In this Mint article, Praveen Chakravarty and Vivek Dehejia, Fellows at IDFC Institute, write about the peculiar and distorted nature of India's tax structure. 

 

They show that in terms of tax-to-GDP ratio and the ratio of direct and indirect taxes, India is an outlier when compared to other OECD countries. 

 

Excerpts from their article are below

 

"India’s tax-to-GDP ratio increased from 10.4% in 1965 to 17.2% in 2013. This includes both central and state tax revenues. The corresponding tax-to-GDP ratio for OECD countries (weighted by GDP) increased from 21% in 1965 to 33% in 2013. Purely in terms of a tax-to-GDP ratio, India has always been substantially lower than the average of OECD economies, over a 50-year period. Compared to a subset of OECD nations with lower GDP (Korea, Turkey, Mexico, Chile, Portugal, Greece, Slovenia, Indonesia and Poland), India’s tax-to-GDP is still lower at 17% versus an average of 24% for these nations."

 

Commenting on the economic theory on the subject they observe, "Economic theory is, perhaps surprisingly, silent on what might be an optimal tax-to-GDP ratio.
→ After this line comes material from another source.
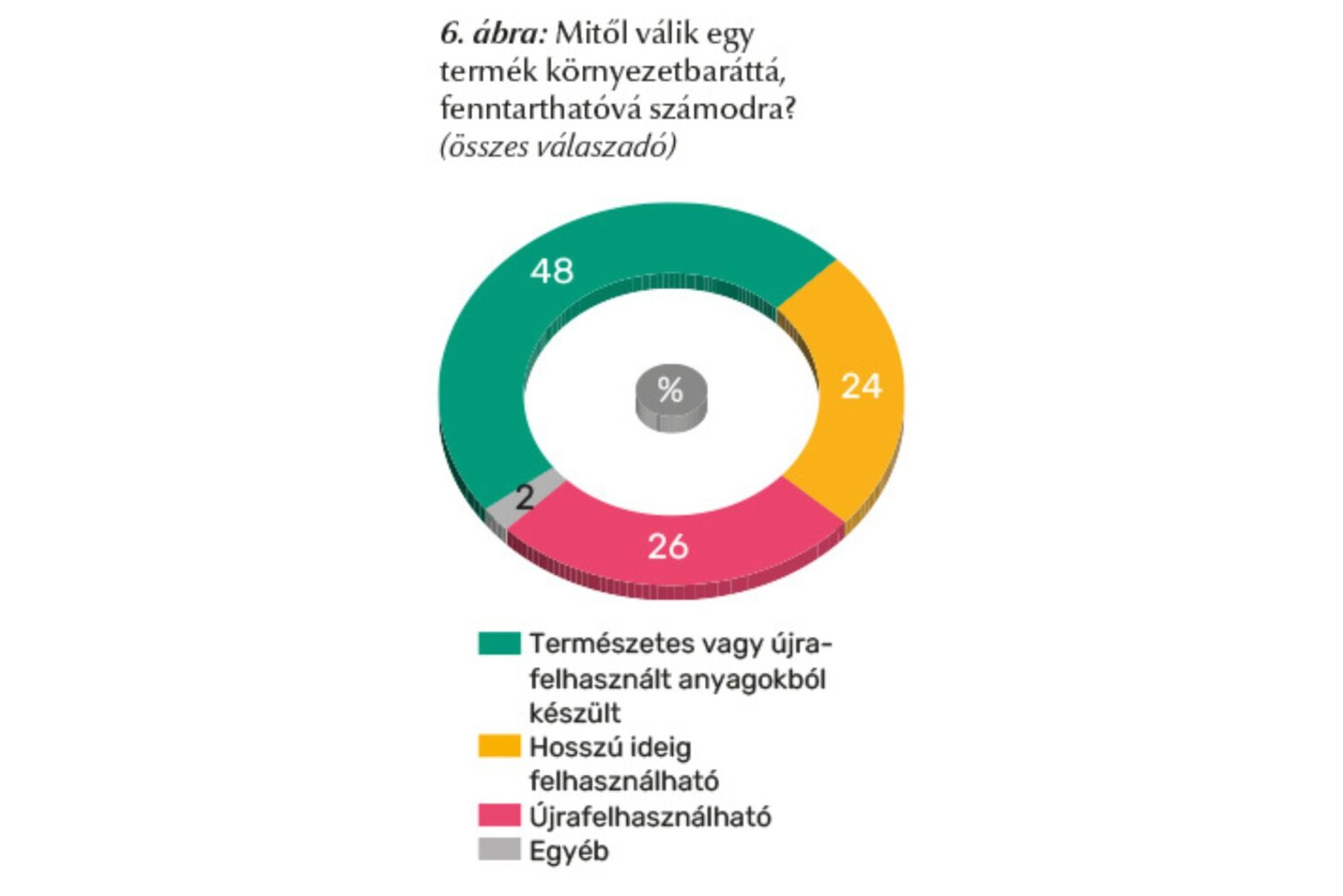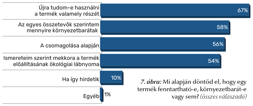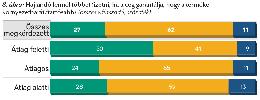 A felmérésben kitértünk a személyes motivációkra is: mitől válik egy termék környezetbaráttá a válaszadók szemében, illetve hogyan döntik el, hogy fenntarthatónak minősül-e a megvásárolt árucikk (6–7. ábra). Az egyetemisták 27 százaléka különösebb feltétel támasztása nélkül, 62 százalékuk a termék egyéb jellemzőinek figyelembevétele mellett hajlandónak mutatkozik egy termékért többet is fizetni, ha a gyártó garantálja, hogy az környezetbarát vagy akár az tartósabb (8. ábra). A hallgatók válaszai a jövedelmi helyzetükkel függött össze: azoknak a fele, akiknek átlag feletti a jövedelmük, minden további nélkül hajlandók többet is fizetni, illetve – ha csak kismértékben is, de – a jövedelmi helyzet javulásával a fizetési hajlandóság elvi lehetősége is növekedni látszik.

Conventional macroeconomics does say that it is not optimal for the tax rate to exhibit erratic jumps up or down—this is Robert Barro’s famous “tax smoothing” proposition, but this does not pin down any optimum."

 

Regarding the share of direct and indirect taxes in total tax collections they note, "In the 50-year period of our analysis, India’s direct-to-indirect tax ratio has swung from a low of 13:87 to its current high of 35:65. For the OECD nations, throughout this 50-year period, the direct-to-indirect tax ratio has remained roughly constant in the range of 65:35."